I would list what you want and ask for a quote for that level of service.  I've paid from £400 for very basic part livery to £500pcm for the same -Full livery exercise x3 plus tack cleaning and grooming around £685 pcm schooling livery around £795 but didn't get the care or services that I was paying for which is a risk if you are not there to see it.


----------



## sammylou93 (11 July 2012)

We charge £140 pw for 7 day care, 5 days riding, out at night in summer and out as much as possible during the day in the winter. This inc bedding, feed, forage, tack wiped down.

60x40m all weather arena with floodlights, 5f all weather canter track, big stables with thick rubber matting, hot wash down box. Worcs/Glos border.


----------



## 1234567890 (11 July 2012)

sammylou93 said:



			We charge £140 pw for 7 day care, 5 days riding, out at night in summer and out as much as possible during the day in the winter. This inc bedding, feed, forage, tack wiped down.

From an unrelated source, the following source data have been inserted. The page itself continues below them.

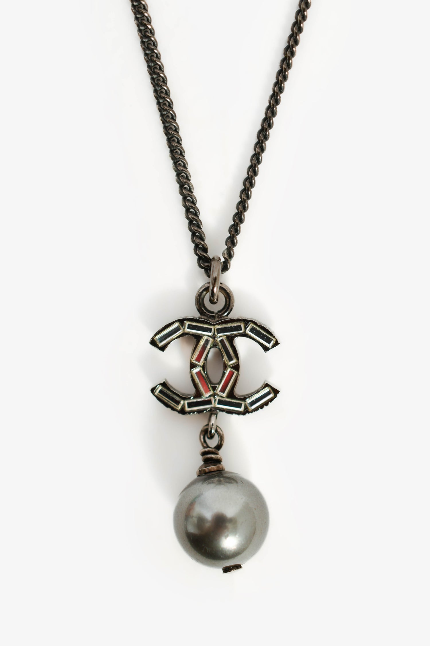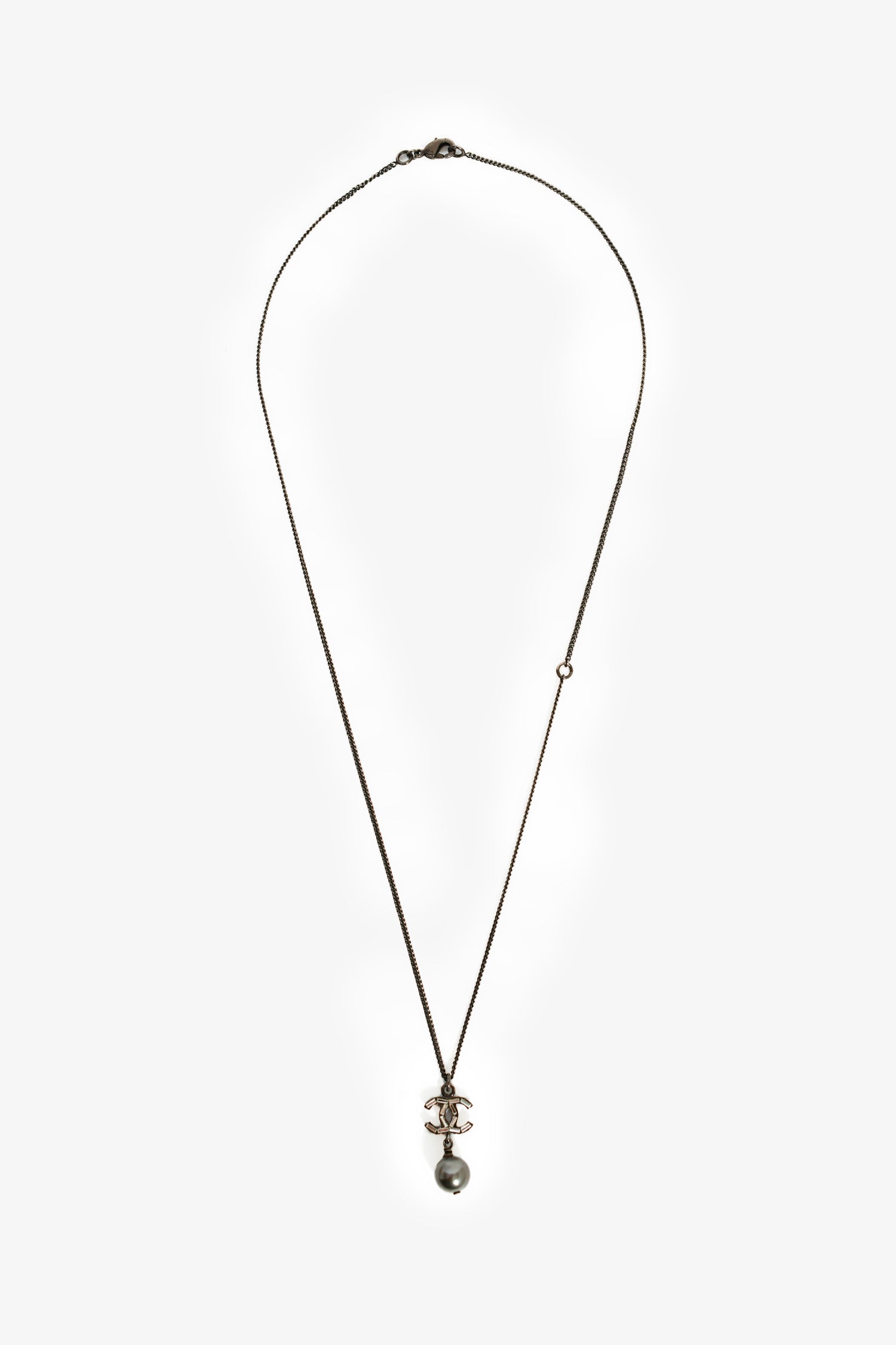 Refresh availabilityPre-Loved Chanel™ Black Crystal CC Faux Pearl Necklace. Lobster clasp closure.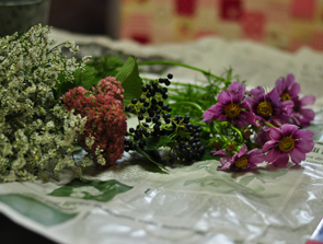 スターチスを小枝にわけて、隙間に挿していきます。 長いものや短いものを混ぜながらランダムに挿します。 よりナチュラルに見えるように。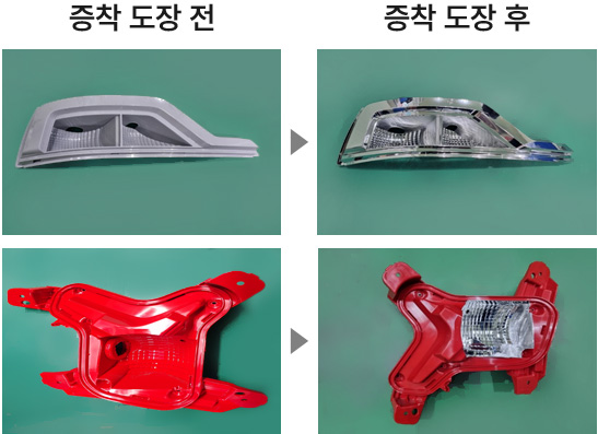 자동차 전후방 안개등, 방향지시등을 사출 및 빛을 반사하는 진공증착을 통해 자동차 주행 중 생기는 모래먼지로부터 렌즈를 보호하는 하드코팅 기술을 주축으로 램프류를 제조·공급하고 있습니다.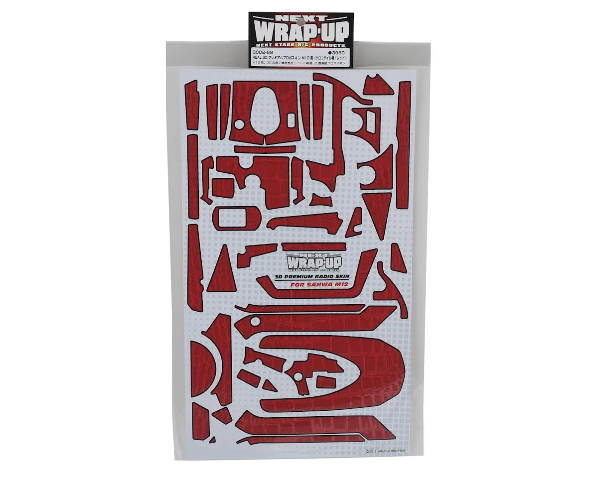 This is a WRAP-UP NEXT REAL 3D Premium M12 Transmitter Red Crocodile Skin, a textured set of decals to add depth and style to your boring old radio. This decal sheet has 3D effects for a greater depth of detail, making the crocodile skin texture seem alive.

60x40m all weather arena with floodlights, 5f all weather canter track, big stables with thick rubber matting, hot wash down box. Worcs/Glos border.
		
Click to expand...

This is exactly what I'm after really .
I've never had my horse in livery before,but we are moving and although the are outbuilding suitable to convert to stabling  it certainly something that won't happen for the next six months probaly plus my work commitments mean  I won't   able to ride more than twice a week but I will want to hunt him once week..
Shame I'm not nearer you!!!LOL!!


----------



## ILuvCowparsely (11 July 2012)

here is part livery thought some call its full.


muckout
 feed
 bring in
 turn out
brush off
rug change
 feet picked
(turn out 6.45 am  4 pm) winter                              out at 4pm in at 7 am summer
use of schools 
jumps
round pen bedding 1 a week
hay (not ad lib)
 common room
 wc
jumps
 storage chest 
rubber mats


£ 90 per week  7 days a week


----------



## 1234567890 (12 July 2012)

So my next question is ?
How much do you pay to have your horse exercised?
Say per hour?
If its not in the Full livery Schedule and you have to pay extra ,hacking out??


----------



## VioletStripe (12 July 2012)

1234567890 said:



			So my next question is ?
How much do you pay to have your horse exercised?
Say per hour?
If its not in the Full livery Schedule and you have to pay extra ,hacking out??
		
Click to expand...

To be schooled by one of the top instructors, £27 for an hour. Not sure about other people's prices. We get free rights to the woods nearby when we're on full livery


----------



## SallyBatty (12 July 2012)

7 day full livery in Kent - £115 per week:-

Indoor stable, hay, feed (twice a day), bedding (2 bales of shavings a week), muckout, turn out, bring in, all day all year turnout on good grass, unlimited use of 60 x 30 floodlit outdoor rubber surfaced school, use of full set of show jumps, use of x-country course, good hacking, holding for farrier and vet if required, secure tackroom, wc, kitchen, ample car parking.  There is also space for lorry parking which you have to pay extra for.


----------



## charlie76 (13 July 2012)

Where are you? The area really affect the price.  I am in berks and charge 120 per week,  seven days - rug changes,  boots on,  turn out,  muck our,  bedd


----------



## charlie76 (13 July 2012)

Stupid phone! Bedding,  hay,  feed,  catch,  groom,  trim,  bath,  tack clean,  boot and saddle cloth wash,  horse ready for owner to ride,  skip out last thing,  padlock poo picked daily.  If the horse is ridden I charge ten- lunge , 15 hack and 20 to school.  Horse is ridden by me.


----------



## charlie76 (13 July 2012)

Facilities wide- 60x20 flood lit school,  fab surface,  wash box,  storage room,  alarmed tack room,  tea making facilities,  post and rail padlock,  rubber mats,  amazing hacking !


----------